● What is needed
Copy each line below exactly as it appears. Pictures are to be omitted.

● Material for this task
------------

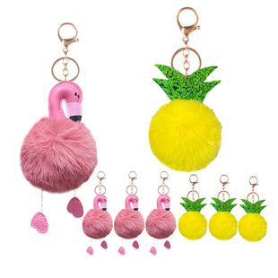 | 夏季ins潮流热带雨林风格火烈鸟菠萝套装箱包挂件钥匙链艺术礼品
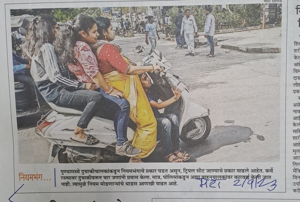 तीन जण जात असतात हे माहीत आहे पण 4th one? रिस्क आहे हे समजून आपण असू का वागत असतो ? [ चित्र महाराष्ट्र टाइम्स 2.9.23
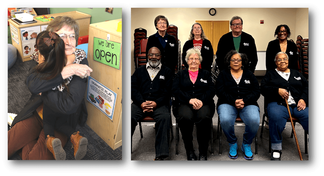 In partnership with AmeriCorps Seniors, the Foster Grandparent Program uses a dual approach to benefit the life of the senior volunteer and the child. Not only do volunteers often experience higher life satisfaction, but the children are being prepared for kindergarten with school readiness skills.
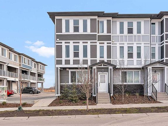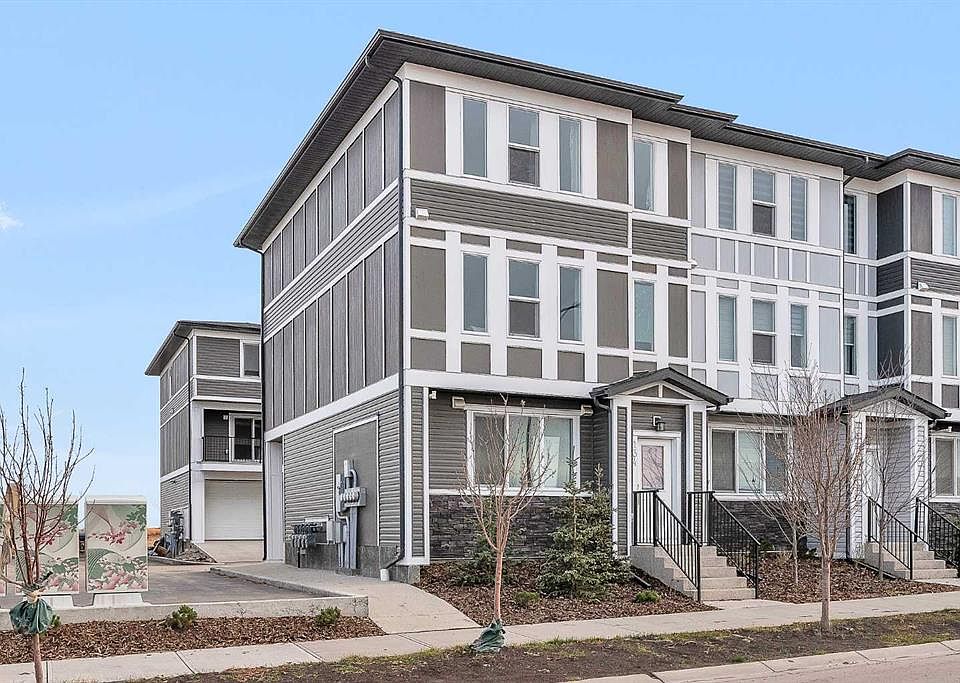 Beautiful Corner-Unit Townhouse | Extra Privacy | Pond Views | Buyer Incentive! This immaculately kept corner-unit stands out as the most private and desirable home in the complex, offering unmatched separation with no neighbor to one side and an open, airy exposure that fills the home with natural light. Positioned closest to (but not directly on) the main road, the location provides enhanced security and visibility that safeguards your home and vehicle. From the moment you step inside, you’re greeted by soft, neutral tones and an open-concept layout that feels warm, modern, and effortlessly inviting. Stunning quartz countertops are throughout the home, complemented by elegant gold hardware on freshly painted cabinetry. Stylish kitchen light fixtures and a statement chandelier in the dining area create an elevated, cohesive design. As you walk through the main living space, large windows frame serene pond views and beautiful east-facing sunrises, adding a sense of calm to your daily routine. The attached garage offers convenience year-round, while the lower-level office space provides the perfect spot for remote work or a quiet study area. Upstairs, you’ll find three spacious bedrooms, including a gorgeous primary suite with a double-sink ensuite designed for both comfort and luxury. Every detail of this home has been thoughtfully cared for, and the exterior includes durable Hardie siding with stone accents for extra protection against hail and weather. *Move in with confidence: this home was professionally inspected at possession, is backed by the Alberta New Home Warranty Program (1–10-year coverage) and will be professionally cleaned upon firm sale. As an added incentive, buyers can choose either a full reimbursement of their home inspection or two months of condo fees paid by the seller. With a brand-new retail plaza going up across the street—including a Tim Hortons—everyday convenience is right at your doorstep. This is truly the standout unit in the complex—bright, private, stylish, and exceptionally maintained. Quick possession is available due to seller relocation. Homes like this don’t come up often, and this one won’t last.
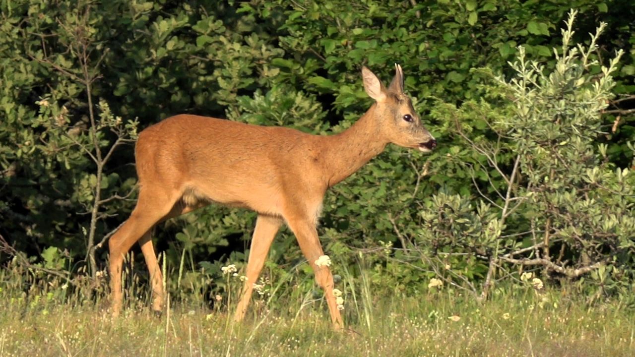 İlçedeki ormanlık alanın kenarında yürüyen karacayı fark eden bir kişi, o anları kamerayla kaydetti.
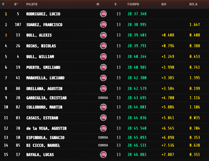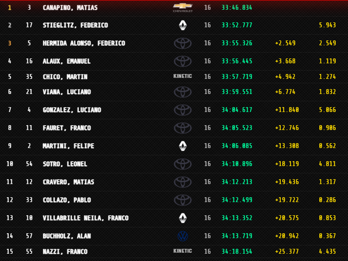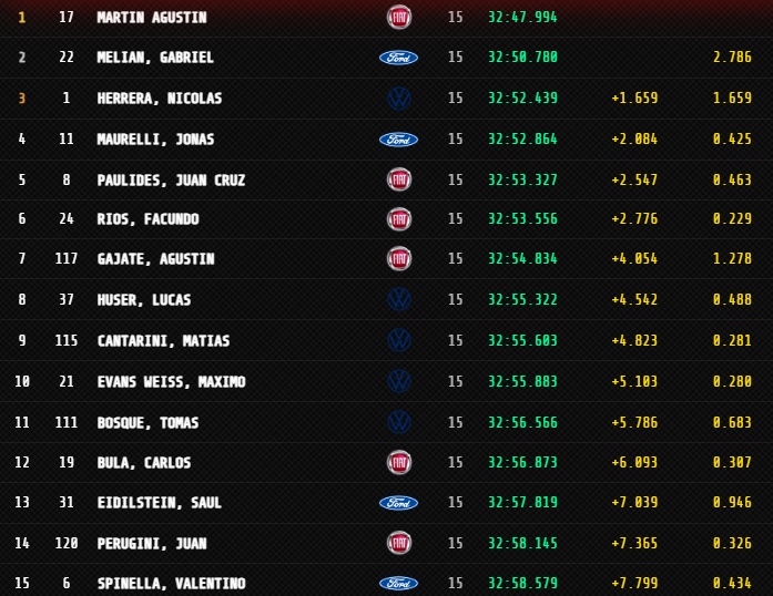 Abandonaron Nicolás Pezzucchi y Nicolás Benito.Fue descalificado Santiago Tambucci

------------

● Solution
 | 夏季ins潮流热带雨林风格火烈鸟菠萝套装箱包挂件钥匙链艺术礼品
 तीन जण जात असतात हे माहीत आहे पण 4th one? रिस्क आहे हे समजून आपण असू का वागत असतो ? [ चित्र महाराष्ट्र टाइम्स 2.9.23
 In partnership with AmeriCorps Seniors, the Foster Grandparent Program uses a dual approach to benefit the life of the senior volunteer and the child. Not only do volunteers often experience higher life satisfaction, but the children are being prepared for kindergarten with school readiness skills.
 Beautiful Corner-Unit Townhouse | Extra Privacy | Pond Views | Buyer Incentive! This immaculately kept corner-unit stands out as the most private and desirable home in the complex, offering unmatched separation with no neighbor to one side and an open, airy exposure that fills the home with natural light. Positioned closest to (but not directly on) the main road, the location provides enhanced security and visibility that safeguards your home and vehicle. From the moment you step inside, you’re greeted by soft, neutral tones and an open-concept layout that feels warm, modern, and effortlessly inviting. Stunning quartz countertops are throughout the home, complemented by elegant gold hardware on freshly painted cabinetry. Stylish kitchen light fixtures and a statement chandelier in the dining area create an elevated, cohesive design. As you walk through the main living space, large windows frame serene pond views and beautiful east-facing sunrises, adding a sense of calm to your daily routine. The attached garage offers convenience year-round, while the lower-level office space provides the perfect spot for remote work or a quiet study area. Upstairs, you’ll find three spacious bedrooms, including a gorgeous primary suite with a double-sink ensuite designed for both comfort and luxury. Every detail of this home has been thoughtfully cared for, and the exterior includes durable Hardie siding with stone accents for extra protection against hail and weather. *Move in with confidence: this home was professionally inspected at possession, is backed by the Alberta New Home Warranty Program (1–10-year coverage) and will be professionally cleaned upon firm sale. As an added incentive, buyers can choose either a full reimbursement of their home inspection or two months of condo fees paid by the seller. With a brand-new retail plaza going up across the street—including a Tim Hortons—everyday convenience is right at your doorstep. This is truly the standout unit in the complex—bright, private, stylish, and exceptionally maintained. Quick possession is available due to seller relocation. Homes like this don’t come up often, and this one won’t last.
 İlçedeki ormanlık alanın kenarında yürüyen karacayı fark eden bir kişi, o anları kamerayla kaydetti.
 Abandonaron Nicolás Pezzucchi y Nicolás Benito.Fue descalificado Santiago Tambucci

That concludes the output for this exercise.